No patient in our study was in the postpartum state. The patients’ medication history was carefully obtained but we did not observe any patient use of recreational drugs, selective serotonin reuptake inhibitors, triptans, immunosuppressants or even recent use of herbal medication. All patients using possible vasoactive substances had been using cough medication. For some patients, to determine which drugs they had used was simply not feasible. We thus adopted a loose guideline that use of any cough medication just before occurrence of headaches would be recorded. Since use of cough medication was very common, and not all cough medications precipitate RCVS, the percentage was likely over-estimated.
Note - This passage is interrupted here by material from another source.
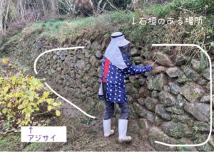 農地の石垣は、日陰にあるので苔(コケ)が石に蔓延っています💦
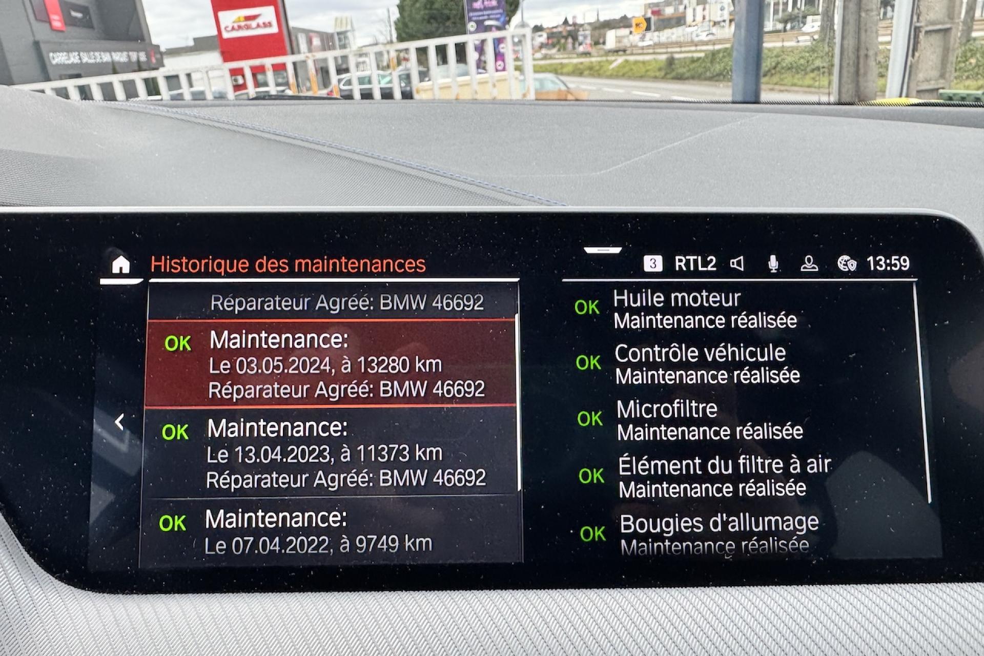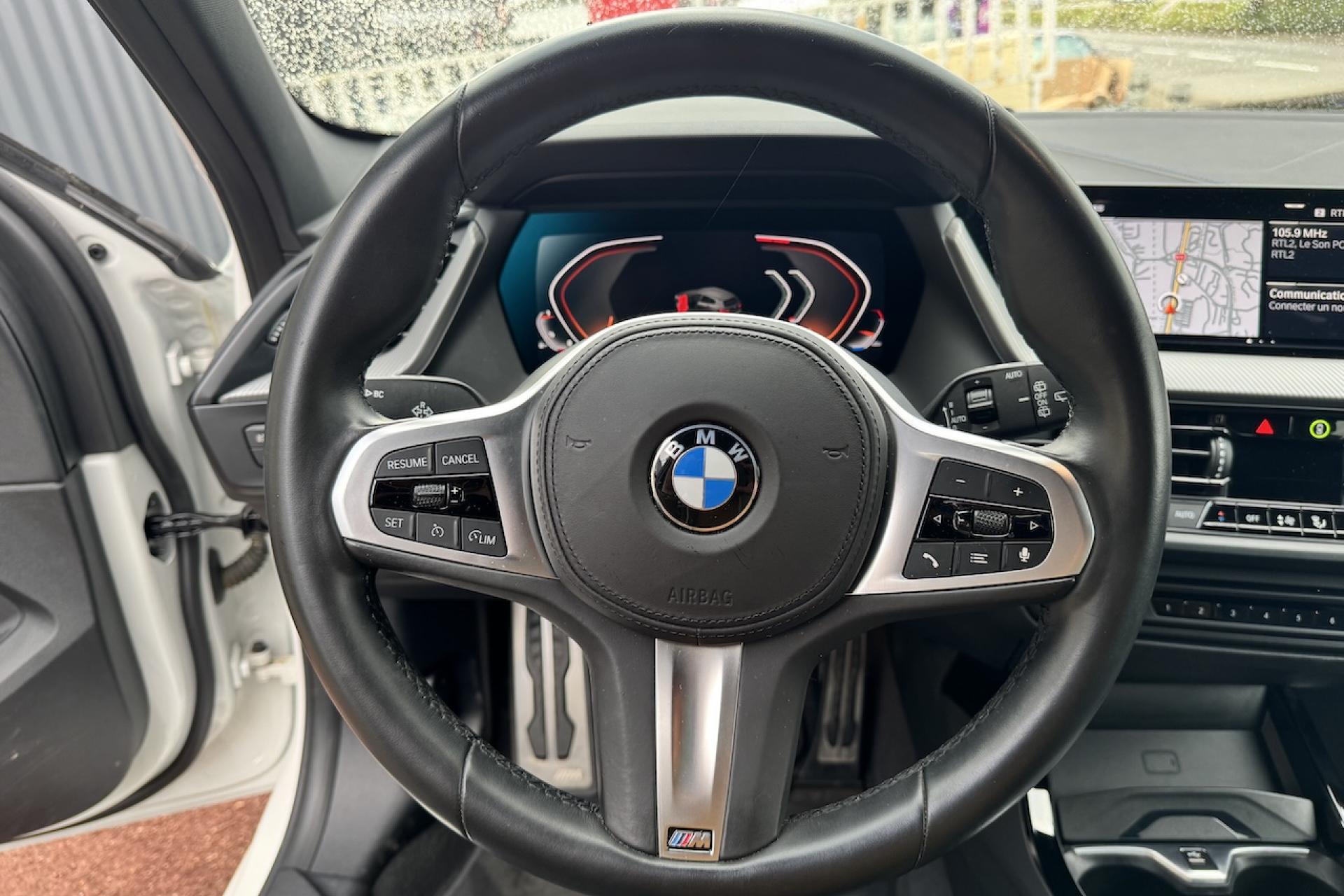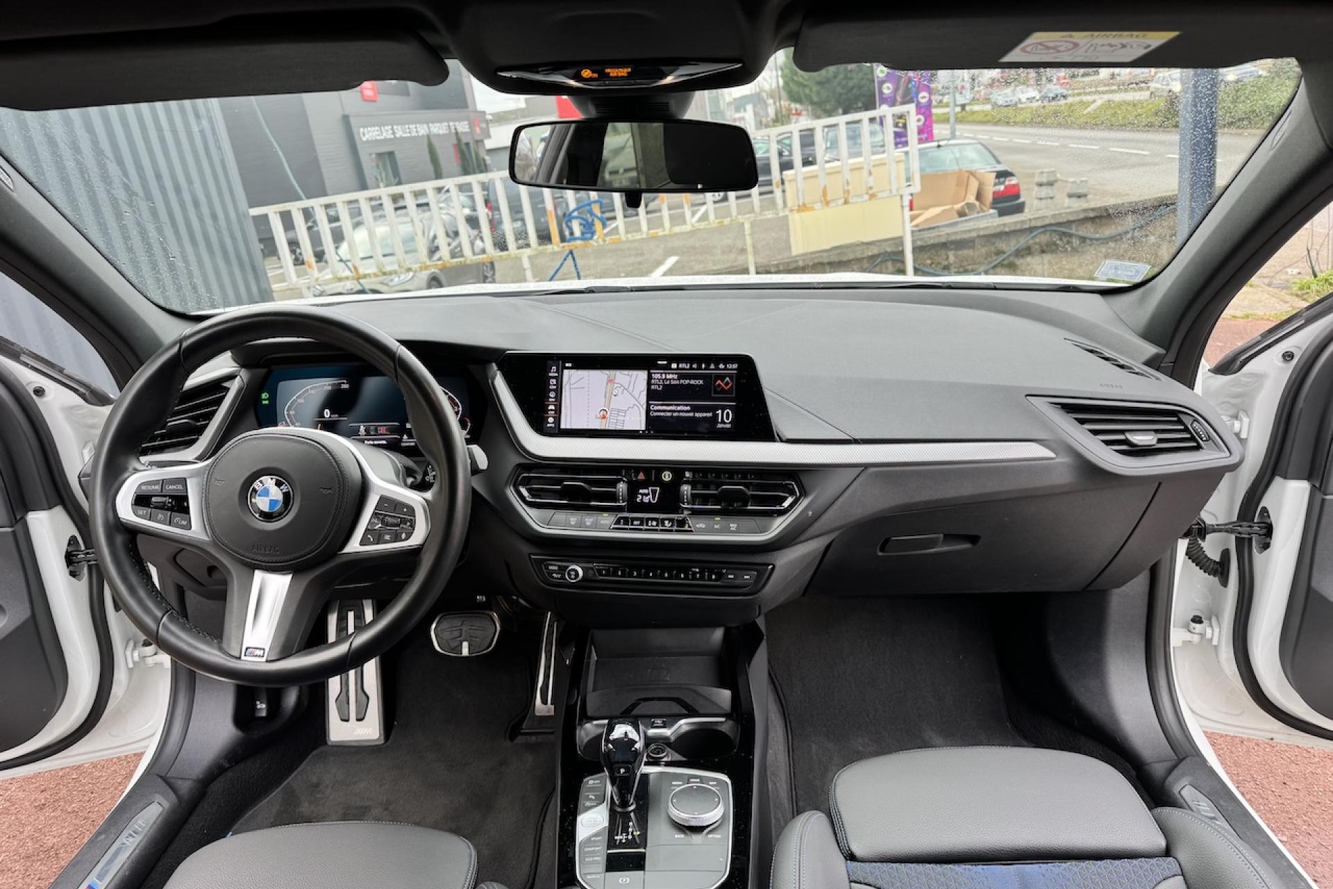 BMW Live Cockpit Navigation ProBoîte steptronicCiel de pavillon anthraciteClimatisation automatiqueDémarrage sans cléDétecteur de pluie et allumage automatique des projecteursDirection DirectDrive MFeux de jour à LEDJantes alliage 18" style 819 M bicoloresKit aérodynamique MPark AssistPédalier spécifique MPhares avant Full LEDRétroviseurs extérieurs rabattables électriquementSellerie Tissu/Similicuir Sensatec SchwarzTapis de sol en velours M spécifiquesTeinte de carrosserie "Alpinweiss" unieTuner DAB

As for the headache characteristics, patients with RCVS were less likely to exhibit short headache duration of < 1 hour (SH: 23.1% vs. 78.6%, P = 0.007; TCH: 10% vs. 75%, P = 0.004). The mean headache duration was not presented because most patients described their headache duration as a range e.g. several minutes (the shortest) or up to one day (the longest). We tried different cutoff points including half an hour and four hours but the best one to differentiate the two groups was one hour. Also, patients with RCVS were more likely to report bathing as their headache trigger (SH: 42.9% vs. 0%, P = 0.004; TCH: 36.4% vs. 0%, P = 0.031). On the other hand, patients with non-RCVS were more likely to report exertion as a trigger, but significance of this difference existed only in the SH sample (SH: 0% vs. 30.8%, P = 0.098; TCH: 0% vs. 29.4%, P = 0.048). Three patients complained of possible neurological symptoms during headache attacks (Table 3). This included bilateral leg numbness (RCVS), restlessness sensation of legs (RCVS with cortical SAH), and left palm numbness (moyamoya syndrome). All symptoms subsided before the patients called upon our clinic and no patients demonstrated abnormal neurological examination findings.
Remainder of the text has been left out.